Qwen models are uniquely suited for fleet routing:

  • MoE architecture — Qwen3.5 (397B total, 17B active) and Qwen3-Coder (30B total, 3.3B active) use Mixture of Experts. Only a fraction of parameters activate per request, making them fast despite large total size.
  • Size variety — from 0.6B to 397B, there's a Qwen model for every device in your fleet. Small Macs run the small models, big Macs run the big ones.
  • Code + Chat + STT — Qwen covers three modalities. One vendor, one fleet, three capabilities.

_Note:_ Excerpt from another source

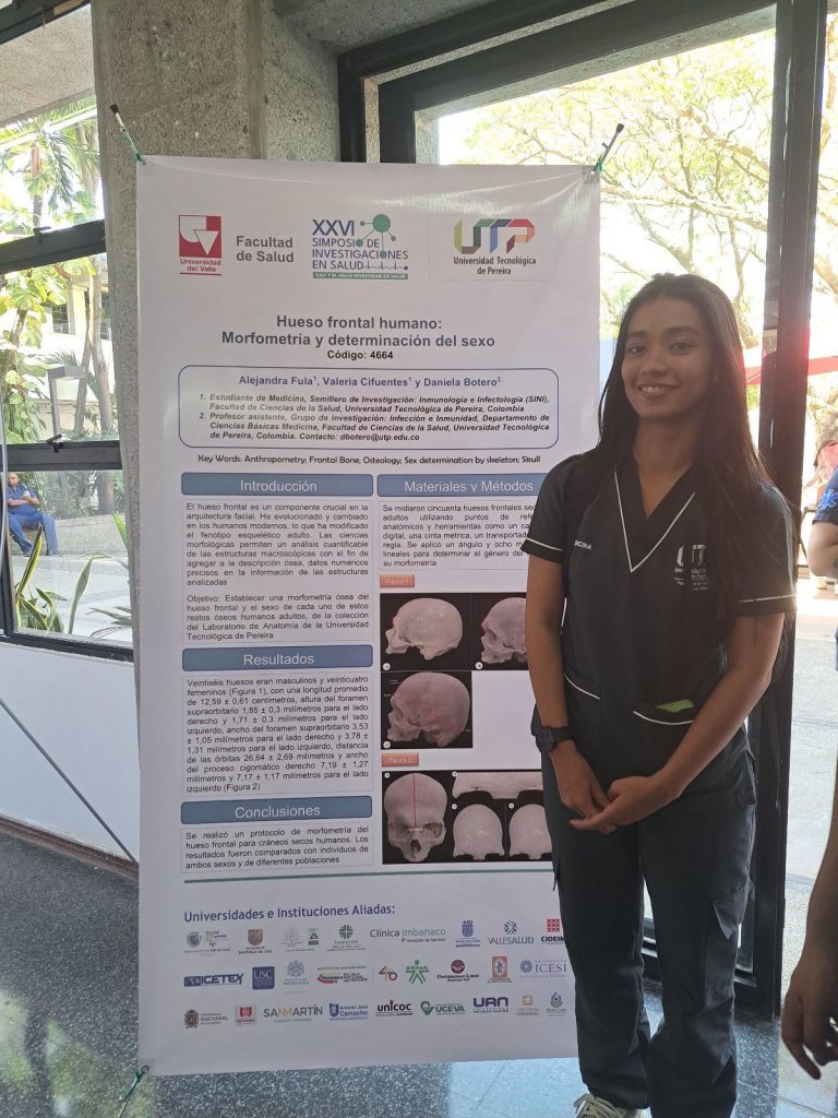 Alejandra Fula, estudiante del pregrado de Medicina. Póster titulado «Hueso frontal humano: Morfometría y determinación del sexo». Autores: Alejandra Fula, Valeria Cifuentes y Daniela Botero-González. XXVI Simposio de Investigaciones en Salud 2024, Universidad del Valle, Cali.

Also available on this fleet

Other LLM models

Llama 3.3, DeepSeek-V3, DeepSeek-R1, Phi 4, Mistral, Gemma 3 — any Ollama model routes through the same endpoint.

Image generation

curl -o image.png http://localhost:11435/api/generate-image \
  -H "Content-Type: application/json" \
  -d '{"model":"z-image-turbo","prompt":"a sunset","width":1024,"height":1024,"steps":4}'

Embeddings

curl http://localhost:11435/api/embeddings -d '{"model":"nomic-embed-text","prompt":"query"}'

Dashboard

http://localhost:11435/dashboard — monitor Qwen requests alongside all other models. Per-model latency, token throughput, error rates, health checks.

Full documentation

Agent Setup Guide

Guardrails

  • Never pull or delete Qwen models without user confirmation.
  • Never delete or modify files in ~/.fleet-manager/.
  • If a Qwen model is too large for available memory, suggest a smaller variant or MoE version.